109. All these countries undertook policy reforms to change institutions and legal frameworks in order to facilitate the transfer of technology. In Thailand and the Republic of Korea, environmental and energy conservation laws and regulations have been established and periodically revised to reflect the environmental needs of each country. An example is the Thai National Environment Protection Law of 1995 that stipulates energy conservation measures. There are also a number of laws and regulations facilitating transfer of technology in



Thailand including the Alien Business Law (for foreign investment) and the Investment Promotion Act (providing investment incentives).



110. The Indonesian Government also issued the Environmental Law in 1992 making environment impact assessments (EIA) mandatory for all projects prior to their approval or implementation. Under the law measures for environmental protection have been undertaken including the transfer of ESTs.(40)



111. In order to encourage the private sector to develop indigenous technologies and to participate in technology transfer, the Korean Government established and strengthened in 1990 a number of separate laws and regulations for the protection of intellectual property rights (IPRs) including patents, trademarks, industrial designs, trade secrets, copy rights, and computer programmes.(41) For the same reason, the Thai Government also established an Intellectual Property Court for protecting IPRs.(42)

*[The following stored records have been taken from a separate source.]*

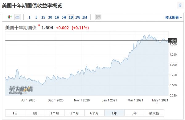 到美股收盘时,10年期美债收益率约为1.60%,日内升约2个基点,为4月29日以来收盘时最大升幅。
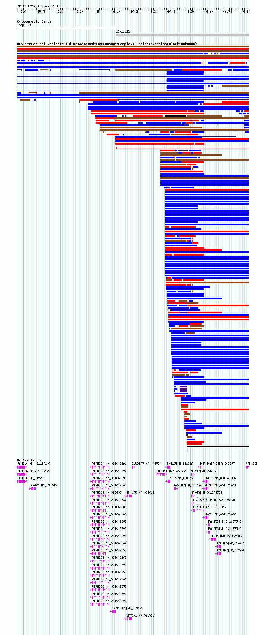 Variant DetailsVariant: nsv1050672| Internal ID | 19139891 | | Landmark | | | Location Information | | | Cytoband | 10q11.21 | | Allele length | | Assembly | Allele length | | hg19 | 1144966 | | hg18 | 1244966 |
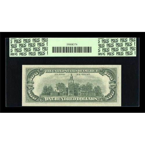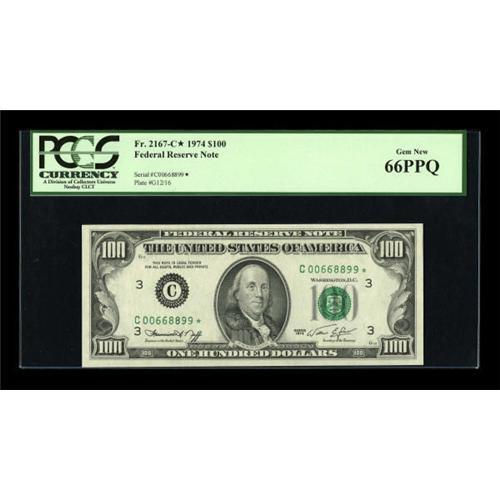 <B>Fr. 2167-C* $100 1974 Federal Reserve Note. PCGS Gem New 66PPQ.</B></I><BR> A very scarce late date star, with only 128,000 examples printed from this district. Few are likely to be as nice as this PCGS Gem New 66 PPQ specimen.<BR><I>From The Thomas M. Flynn Collection</B></I><BR><BR><b>Shipping:</b> Coins & Currency (<a target="_blank" href="http://www.heritageauctions.com/common/shipping.php">view shipping information</a>)
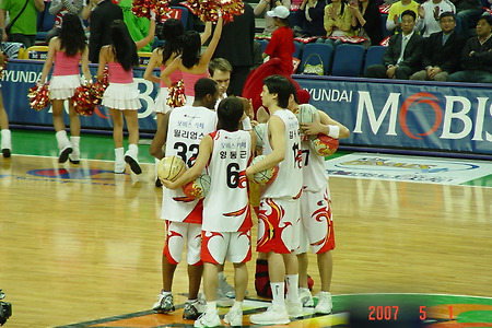 이토록 제가 사는 도시 울산에 살면서 뿌듯한 날이 없을듯합니다. 2005년 K리그 우승을 차지한 울산현대에 이어 오늘 2007년 5월 1일에 울산 모비스 피버스가 정규리그 및 포스트 시즌을 석권하며 명실공히 KBL 최고의 팀으로 등극하였습니다. 그리고 그 광경을 직접 경험했다는 사실이 대단히 즐겁습니다. 승패상 우위를 점하다가 부산 KFT의 거센 추격으로 7차전까지 가는 접전을 펼치는 결과로 입석까지 매진된 동천체육관의 입장객 행렬이 매우 대단했습니다. 친구가 인터넷 예매를 해둔 덕으로 몰래 등떠밀리듯 새치기하여 들어갈 수 있었습니다.(그때 뒤에 계셨던 분들 죄송합니다 -__- 꾸벅) 일반석 예매를 하였는데 자리가 없어 관중석 사이 계단에서 보았는데 좌측에 기자석이 있었지요. 앞으로 보시게될 사진에도 기..
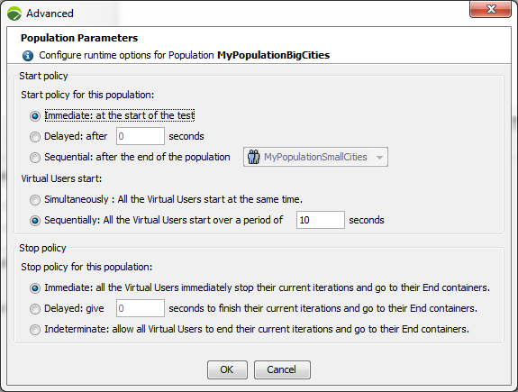 How Virtual Users start may also be defined: simultaneously or with a preset delay. This policy is used each time new Virtual Users are created, either at each load increase for a ramp-up load policy, at each load peak for a peak load policy, or each time a Virtual User is added manually during a test run.
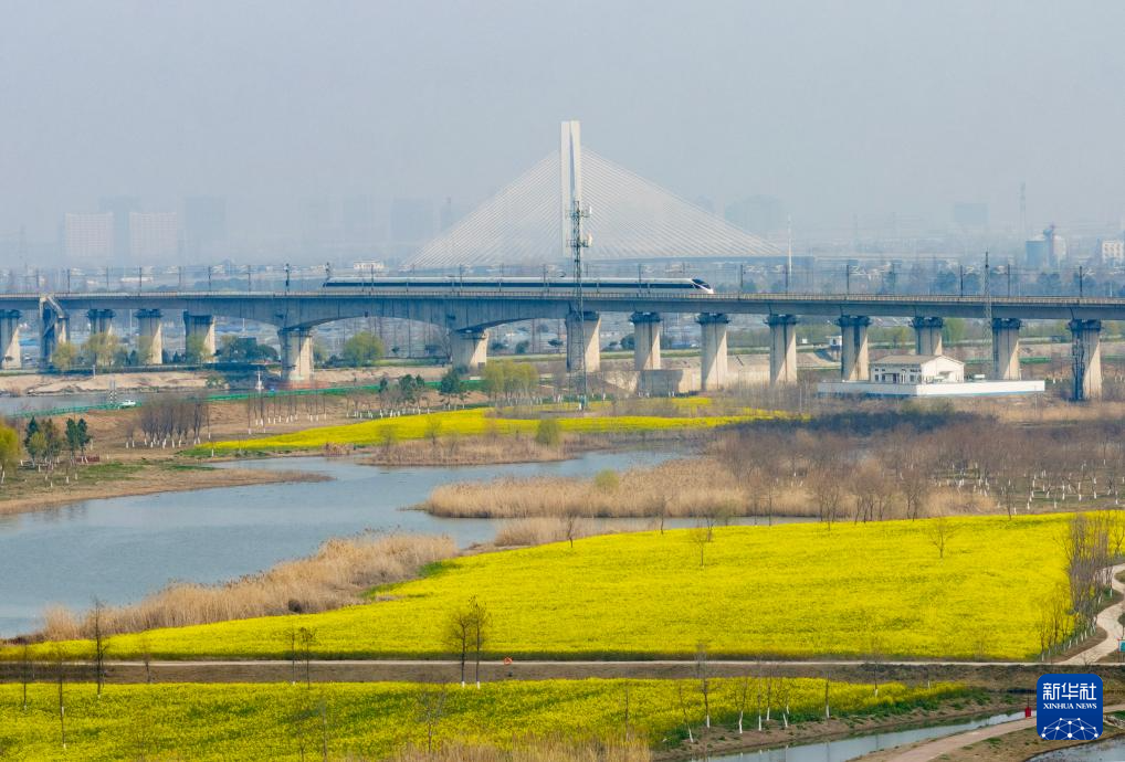 春日,在安徽省合肥市肥东县十八联圩生态湿地,油菜花竞相绽放,铺展成金色花海。高铁列车穿行其间,与碧水、飞鸟相映成趣,勾勒出一幅生动多彩的江淮大地春日图景。

112. Concerning intellectual property rights and patent laws, the Indonesian Government issued Act 6 in 1982 to replace an existing patent law dating back to its colonial era. However, it has been suggested that more work needs to be done to make it operational.(43)

 

113. In the case of the Republic of Korea the Government provides tax exemptions for advanced technologies, which are regarded essential for the national economy but are too advanced to be developed domestically. Also the licensing fees received by the technology licensor are exempted (100 per cent) from income and corporation tax for five years. In the future, the Korean Government has plans to set up a technology promotion fund to help develop some core technologies as well as to expand the Korea Technology Financial Corporation. Also, tax deductions for private investments in R & D will be increased and an 80 per cent tariff reduction is planned for the import of equipment and material for R & D.(44)



114. Thailand also provides financial incentives for technology transfer, such as import duty exemptions and tax incentives. The former have been reduced on all proven energy conservation machinery and equipment from about 40 per cent to 10 per cent and the latter have promoted energy conservation projects through energy conservation funds in accordance with the Energy

Conservation Act of 1992. In addition, the government-owned Industrial Financial Corporation of Thailand provides capital financing to eligible projects.(45) Also, the Energy Conservation Promotion Fund make subsidies available to projects which yield a rate of return below 9 per cent.(46)

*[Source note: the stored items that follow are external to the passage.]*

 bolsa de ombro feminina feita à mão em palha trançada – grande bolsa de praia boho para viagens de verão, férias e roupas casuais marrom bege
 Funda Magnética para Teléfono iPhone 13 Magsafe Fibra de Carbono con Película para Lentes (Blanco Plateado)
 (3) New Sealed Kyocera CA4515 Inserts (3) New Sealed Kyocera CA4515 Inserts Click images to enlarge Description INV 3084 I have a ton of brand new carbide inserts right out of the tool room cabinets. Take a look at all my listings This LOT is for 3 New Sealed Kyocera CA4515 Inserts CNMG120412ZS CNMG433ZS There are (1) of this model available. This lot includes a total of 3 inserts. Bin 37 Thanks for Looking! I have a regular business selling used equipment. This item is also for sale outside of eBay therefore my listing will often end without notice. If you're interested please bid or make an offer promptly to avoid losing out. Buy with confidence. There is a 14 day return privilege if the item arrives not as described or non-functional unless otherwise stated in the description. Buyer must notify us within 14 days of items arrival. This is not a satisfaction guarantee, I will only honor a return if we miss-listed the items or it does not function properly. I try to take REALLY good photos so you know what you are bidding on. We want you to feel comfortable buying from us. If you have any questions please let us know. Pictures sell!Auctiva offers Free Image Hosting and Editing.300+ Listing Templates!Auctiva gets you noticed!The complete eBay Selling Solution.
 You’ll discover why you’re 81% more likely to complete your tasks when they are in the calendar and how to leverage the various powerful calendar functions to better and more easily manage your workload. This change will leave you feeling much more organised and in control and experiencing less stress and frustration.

115. Technology research and development plays a key role in all phases of technology transfer from acquisition to indigenization. The establishment of an R & D infrastructure can benefit the transfer of technology in various ways. It can increase efficiency and promote assimilation and adaptation of transferred technologies. It can also contribute information that could be helpful for the selection of technologies prior to technology transfer, and can enable countries to negotiate better technology transfer contracts. Even after transfer of technology, it remains a useful source of learning.(47)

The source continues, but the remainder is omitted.